**Data below**
——————

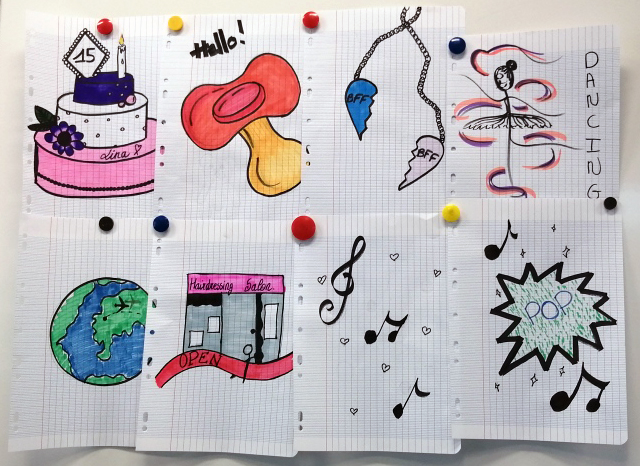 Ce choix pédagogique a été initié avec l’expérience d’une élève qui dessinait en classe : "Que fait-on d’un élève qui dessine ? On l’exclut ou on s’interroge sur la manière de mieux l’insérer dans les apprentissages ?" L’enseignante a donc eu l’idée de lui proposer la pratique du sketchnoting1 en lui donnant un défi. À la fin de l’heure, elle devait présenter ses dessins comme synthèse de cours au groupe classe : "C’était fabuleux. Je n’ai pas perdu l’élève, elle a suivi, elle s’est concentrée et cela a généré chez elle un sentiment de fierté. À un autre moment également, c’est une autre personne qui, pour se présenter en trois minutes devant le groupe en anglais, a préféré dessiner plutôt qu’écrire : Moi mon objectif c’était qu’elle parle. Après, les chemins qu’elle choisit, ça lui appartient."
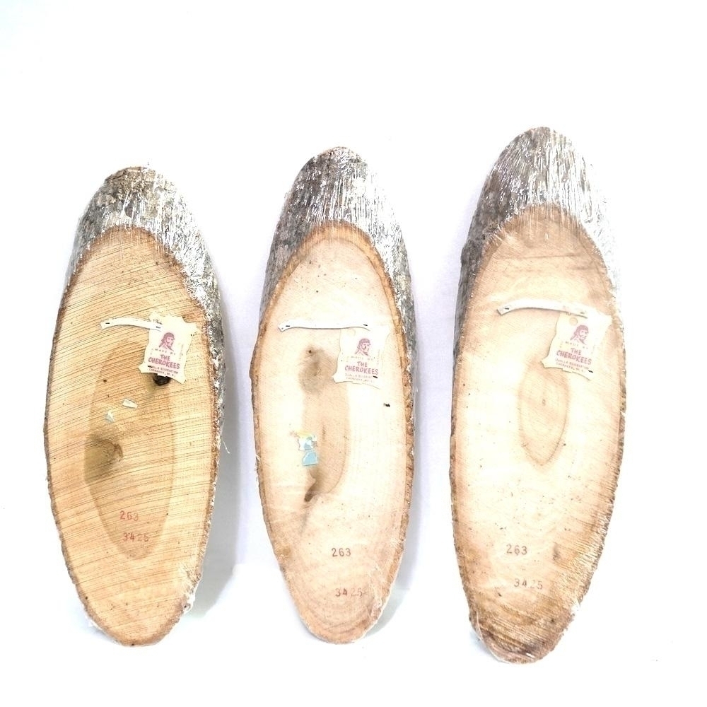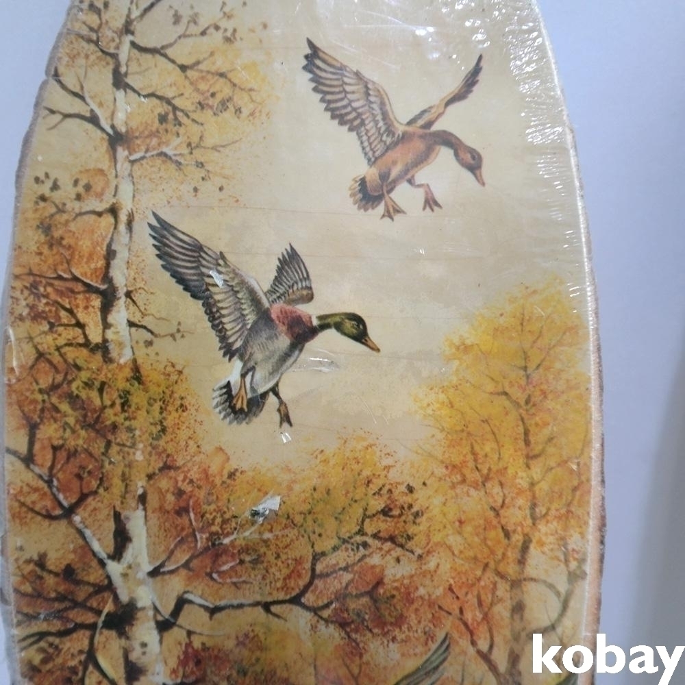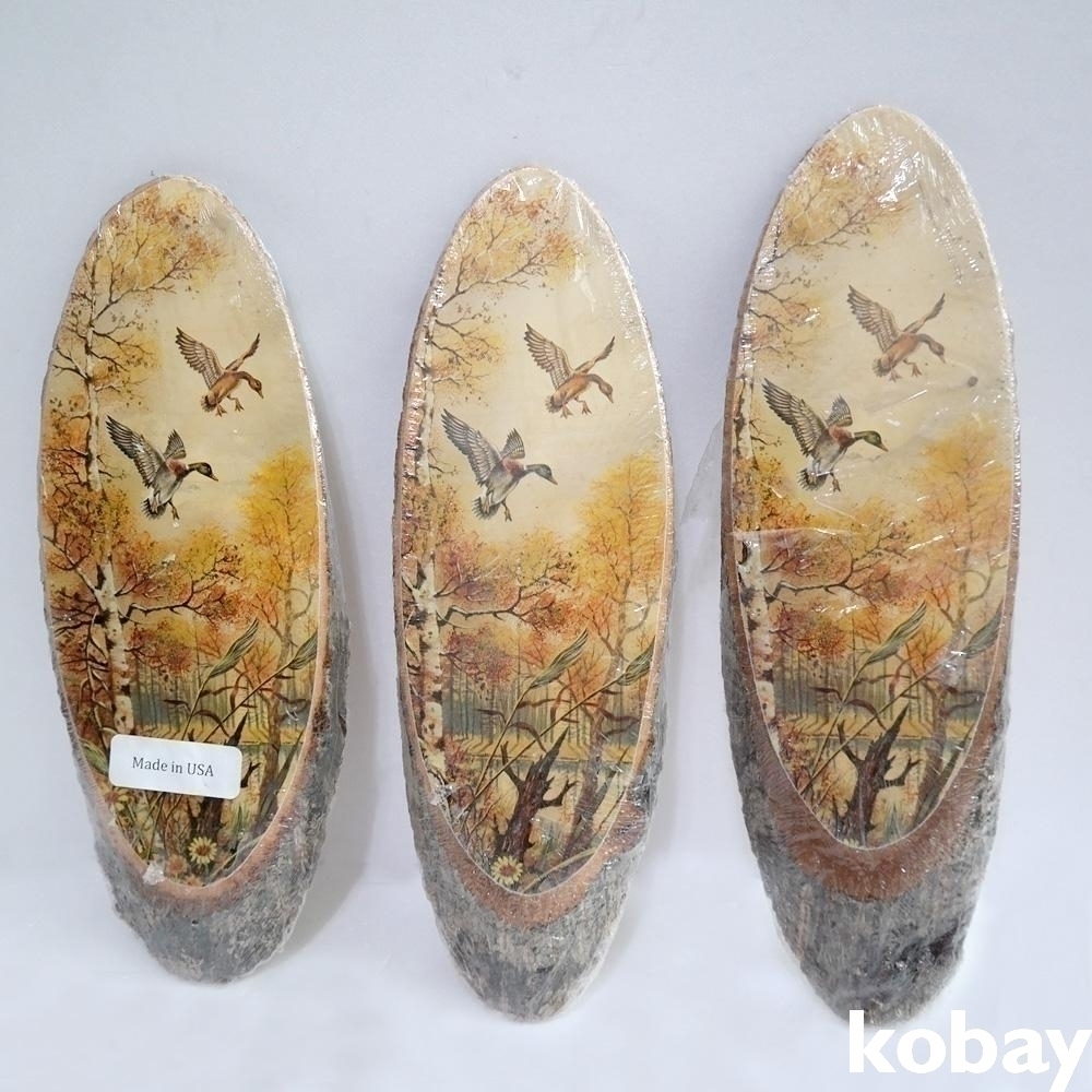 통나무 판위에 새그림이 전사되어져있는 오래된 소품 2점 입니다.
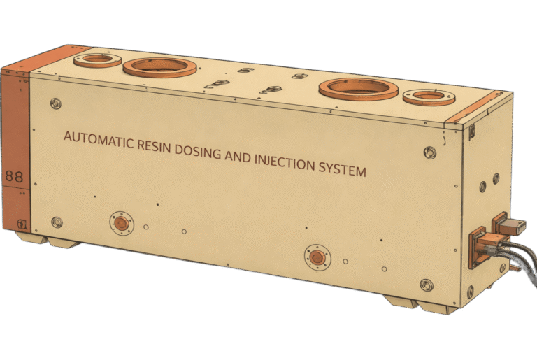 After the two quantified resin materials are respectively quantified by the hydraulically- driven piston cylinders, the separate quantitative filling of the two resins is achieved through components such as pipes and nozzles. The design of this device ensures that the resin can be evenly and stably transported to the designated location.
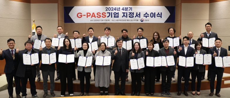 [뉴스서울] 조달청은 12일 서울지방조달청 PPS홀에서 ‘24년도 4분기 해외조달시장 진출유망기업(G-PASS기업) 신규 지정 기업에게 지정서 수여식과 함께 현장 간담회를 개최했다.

——————

**Work instructions**
Will you repeat the material above, but only from the line containing "통나무 판위에 새그림이 전사되어져있는 오래된 소품 2점 입니다." through its last line, exactly and without the pictures?

**Answer**
 통나무 판위에 새그림이 전사되어져있는 오래된 소품 2점 입니다.
 After the two quantified resin materials are respectively quantified by the hydraulically- driven piston cylinders, the separate quantitative filling of the two resins is achieved through components such as pipes and nozzles. The design of this device ensures that the resin can be evenly and stably transported to the designated location.
 [뉴스서울] 조달청은 12일 서울지방조달청 PPS홀에서 ‘24년도 4분기 해외조달시장 진출유망기업(G-PASS기업) 신규 지정 기업에게 지정서 수여식과 함께 현장 간담회를 개최했다.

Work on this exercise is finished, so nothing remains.